The Whole Story of Climate by E. Kirsten Peters
Author:E. Kirsten Peters
Language: eng
Format: epub
Publisher: Prometheus Books
Published: 2012-11-20T05:00:00+00:00
Some glacial ice is pretty filthy stuff. True, there are a few glaciers that are made of clean and beautifully blue ice—the ones that show up pictured in advertisements. But much glacial ice is packed full of silt, sand, pebbles, and even boulders the size of trucks and houses. As summer visitors to alpine glaciers know, when a glacier is melting backward up its valley, the terminus area is made of loose silt, sand, and jumbled rocks of all sizes. When the wind blows, as it does in the mountains quite a bit, such areas are no place to picnic—and no picnic for doing careful scientific measurements or even keeping clothes halfway clean. Silt and sand blow around until a calm afternoon arrives, allowing geologists and hikers alike to amble below the glacier without grit in their teeth—at least for a few hours.
It was the many rocks embedded in Pleistocene glaciers that scoured the solid Earth and created the deep, majestic valleys of Yosemite and the Alps. Because of such abrasion, the rocks in glacial ice end up with the striations Louis Agassiz noted. And it turns out that the same glacial grit gave scientists their first clear evidence of a climate cycle that repeats about every six to seven thousand years.
In the later decades of the twentieth century, many geologists still looked at rocks on land in the old-fashioned way of walking over them, hammer in hand, and bashing off pieces of outcrops. That's how geologists are trained, and some of us never graduate beyond it. But other geologists, increasingly known as marine geologists, had also appeared on the scene. They worked in groups from ocean-going research vessels and drilling platforms, funding their expensive science via major grants from national and international institutions.
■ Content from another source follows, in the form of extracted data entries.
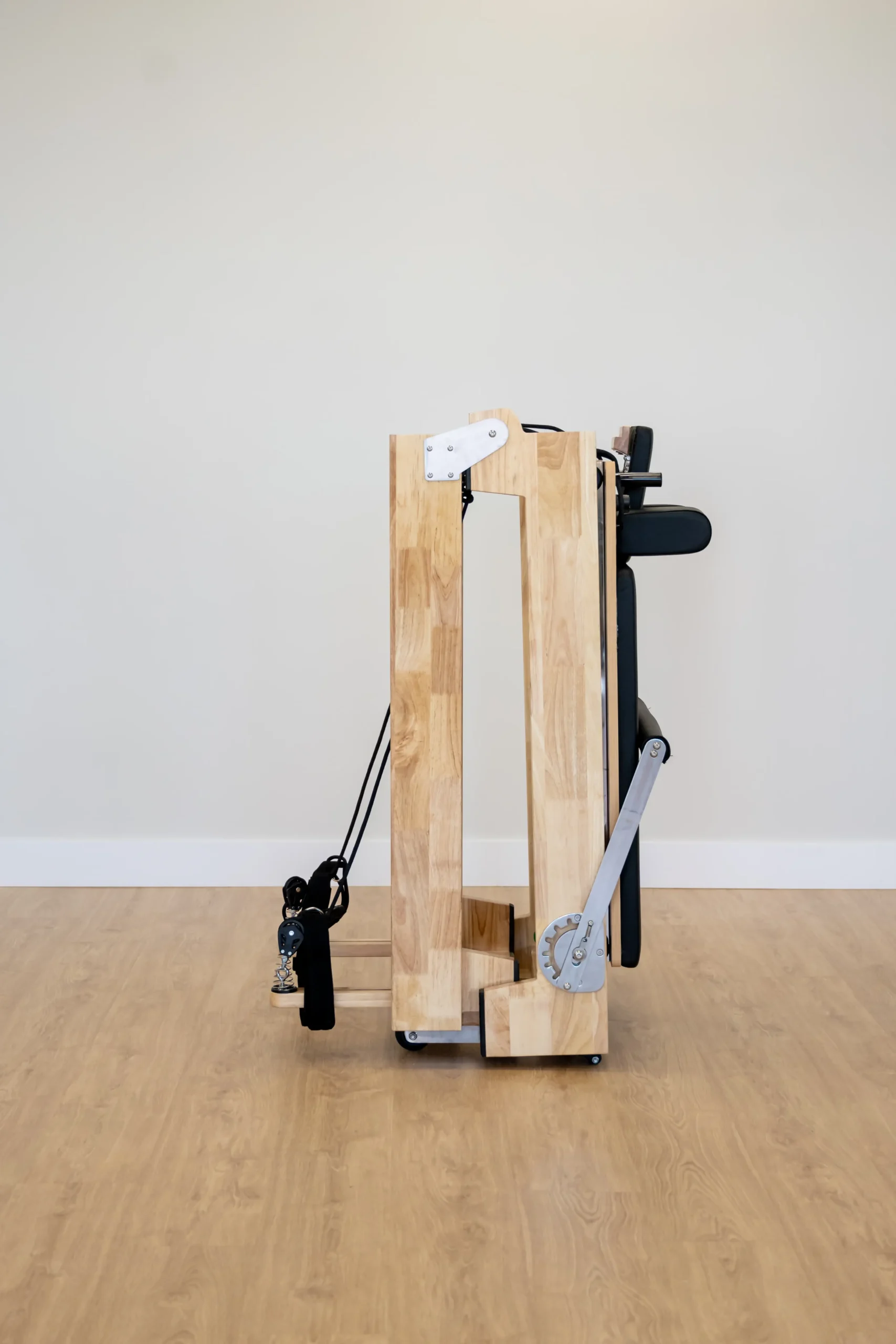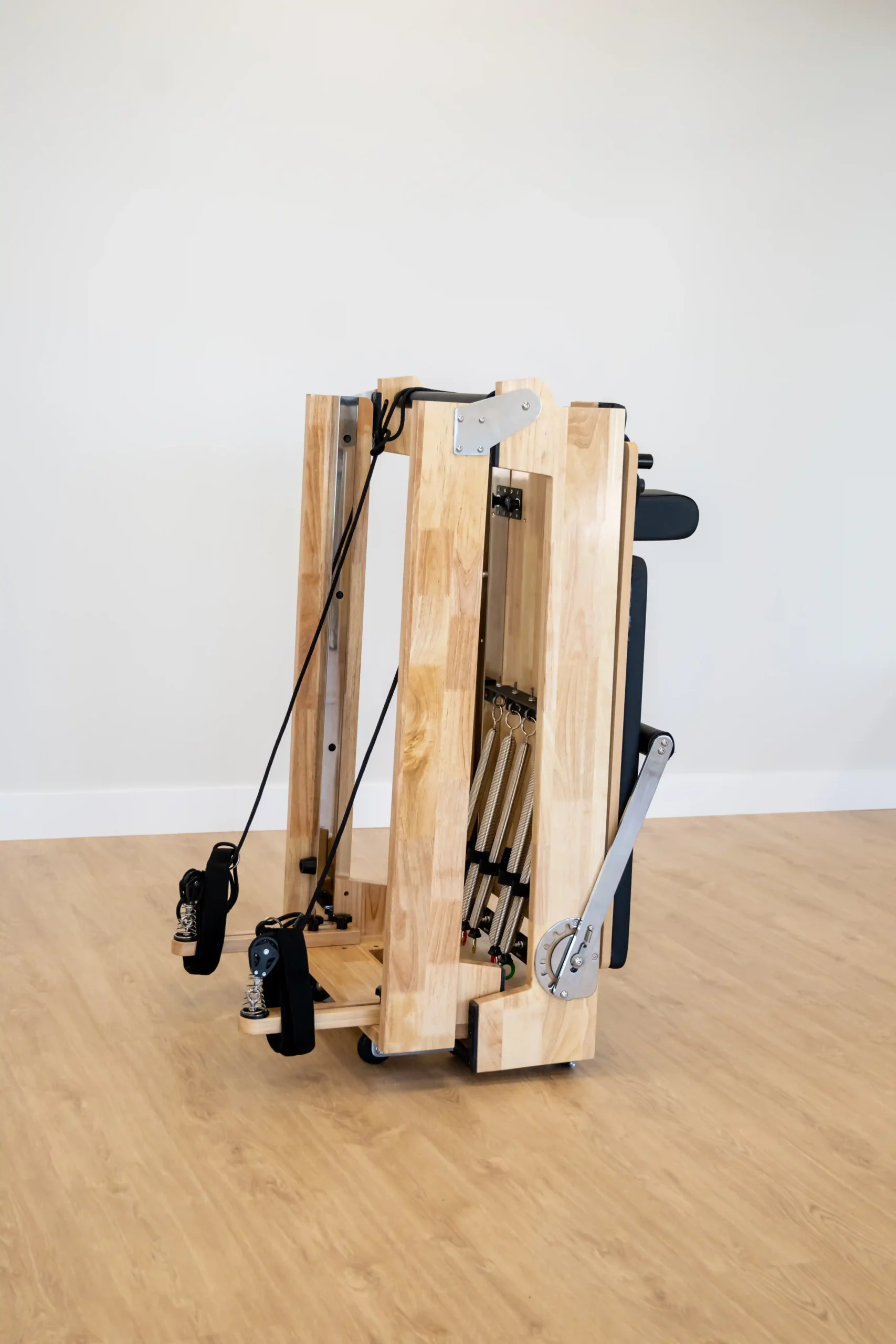 El Reformer Clásico by Go Pilates es una máquina de Pilates profesional plegable de madera, diseñada para quienes buscan la máxima calidad en el menor espacio.
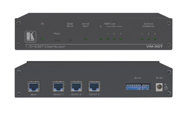 VM-3DT - это высококачественный усилитель-распределитель HDBaseT с большим радиусом действия. Устройством поддерживается работа с разрешением 4K при частоте 60 Гц. Аппарат выравнивает и повторно синхронизирует сигнал, после чего распределяет его на три идентичных выхода
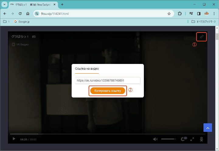 ステップ 3. ブラウザで好きな9TSU動画ページに入り、動画を再生します。再生開始後、動画の右上隅にあるアイコンが表示されますので、そのアイコンをクリックすることで9TSU動画のURLをコピーできます。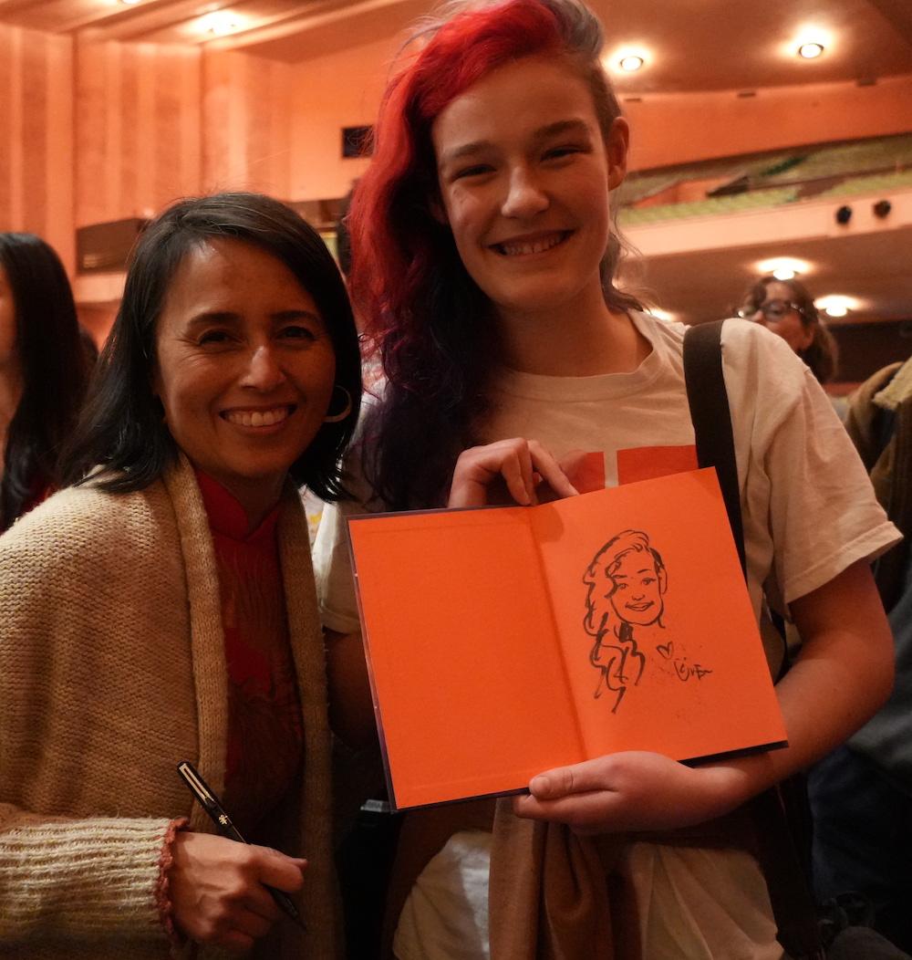 Mientras firmaba ejemplares de su libro, LeUyeun dibujó retratos de estudiantes en el momento. | |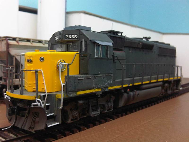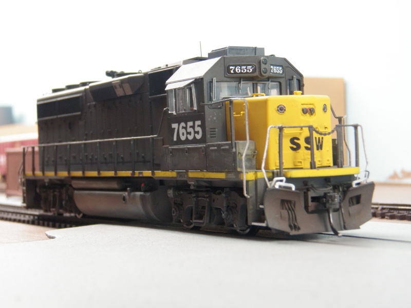 I have had a project on the back burner for a while now and finally got to spray some paint on it. I have 2 Atlas Masterline GP40-2 Ph II's one SSW 7645 and the other SSW 7655 both of which I have shown in weathered form in other threads. I have seen the "current", UP repainted version of SSW 7655 on the net and have wanted to change this old SSW to the more modern version... This is the origional Atlas that I weathered: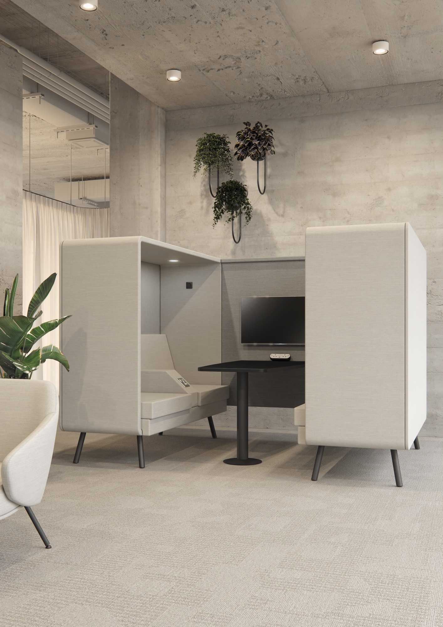 Media wall connects two Retreat booths together to form a uniting space for meetings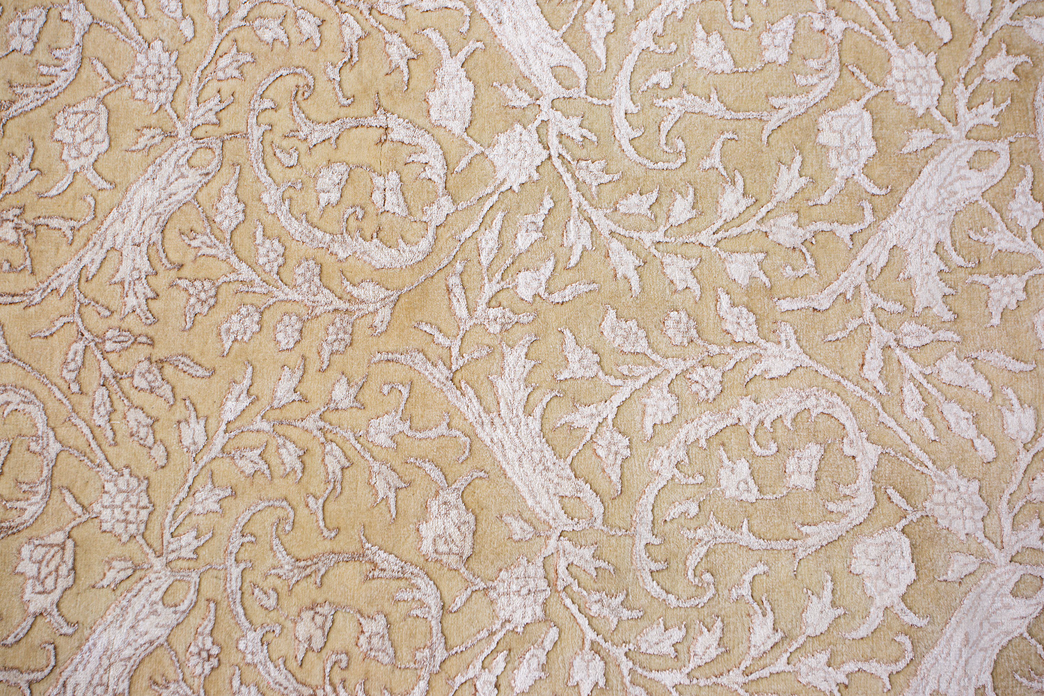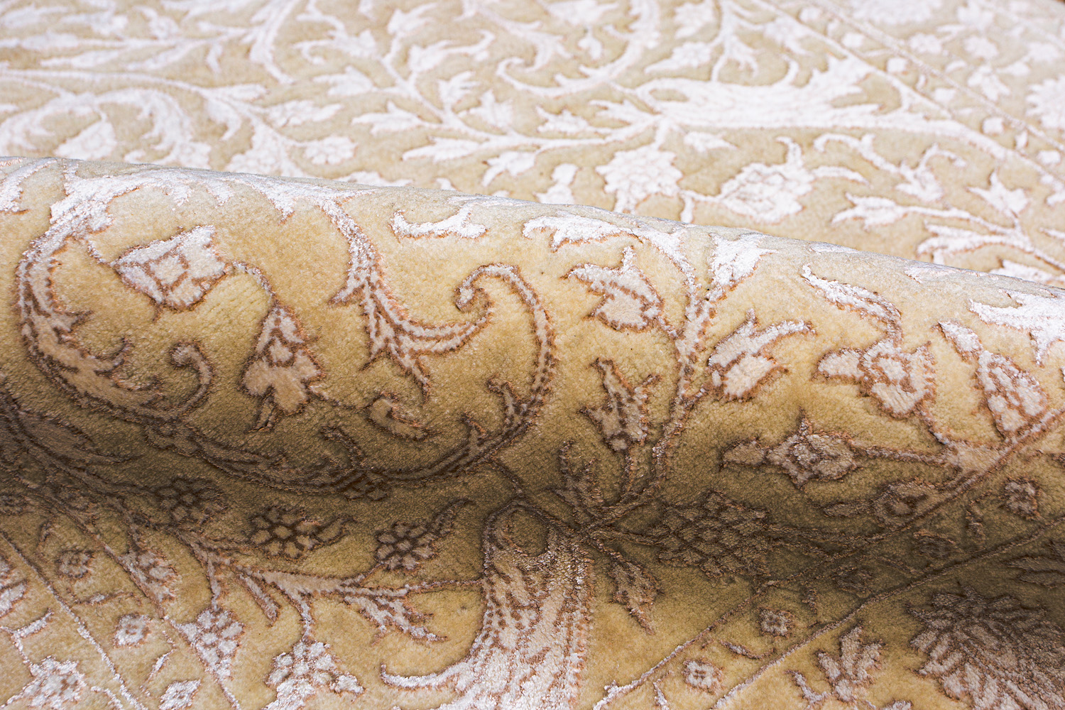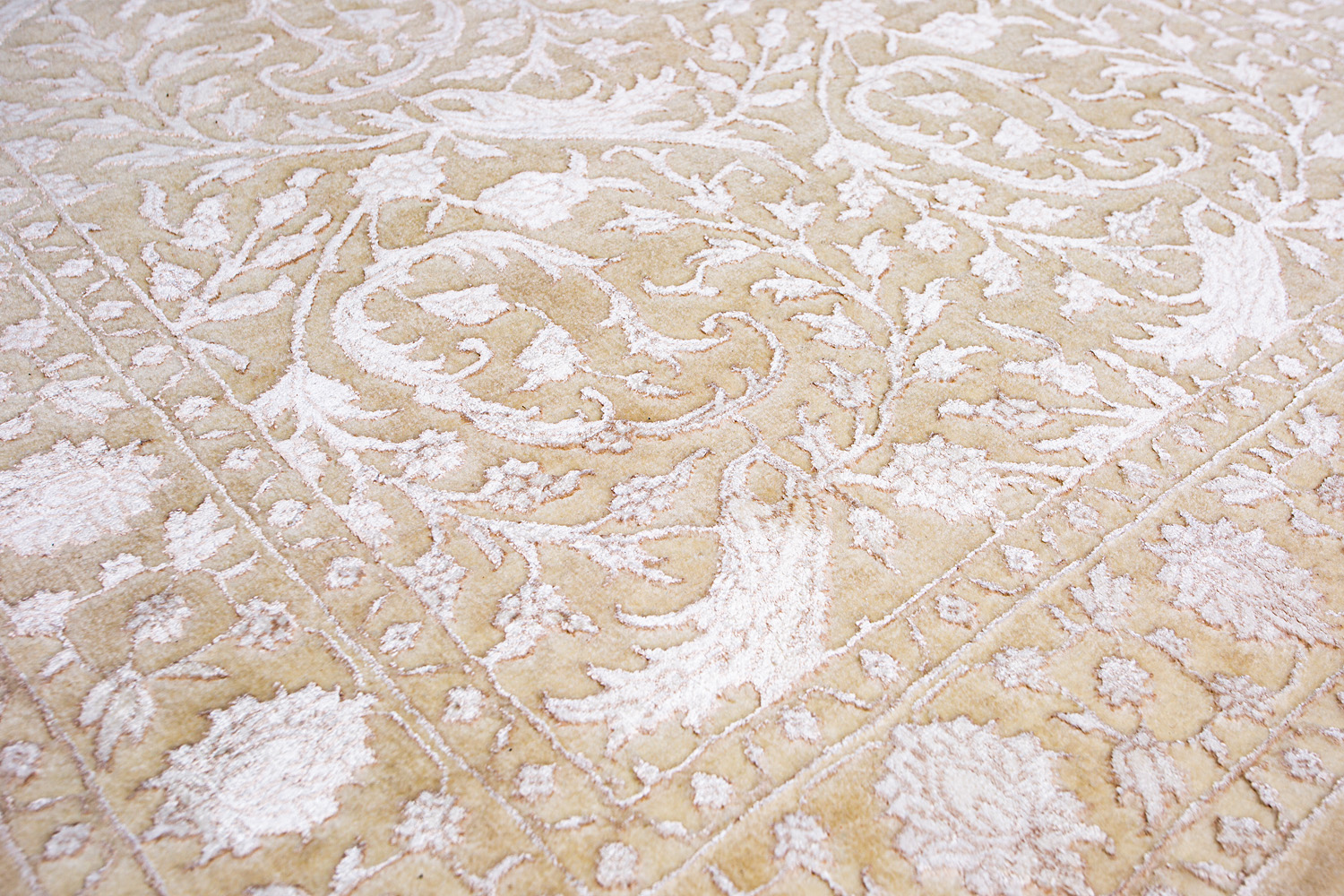 Каждый ковер в этой коллекции соткан вручную из шерсти и арт шёлка опытными индийскими мастерами.

We cannot fully explain the findings of marine geologists in terms of a single person—like Agassiz or G. K. Gilbert—because their work had to be collaborative, simply due its nature. It takes many hands to do research from a ship. But even in a field dominated by teams and groups, some specific results and some individual researchers stand out. One geologist of this sort had the imposing name of Harmut Heinrich. In the late 1980s, Heinrich was a young professional, just starting out in science. He jumpstarted his career with a bang by publishing the results of his pioneering work looking at layers of sediments on the seafloor of the North Atlantic.
The floor of the sea, not surprisingly, is covered in fine sediment that has settled down from the water column above it over vast amounts of time. The deeper you core into the seafloor sediments, the older the material. What Heinrich found in the seafloor sediments of the North Atlantic was both clear and quite startling. At regular intervals, the layering of the deep seafloor was littered with small rock debris of many different types and sizes, the kind of material geologists would clearly and immediately recognize as originating in glaciers.
At first blush, it may be difficult to see the relationship between the deep seafloor and glaciers on land.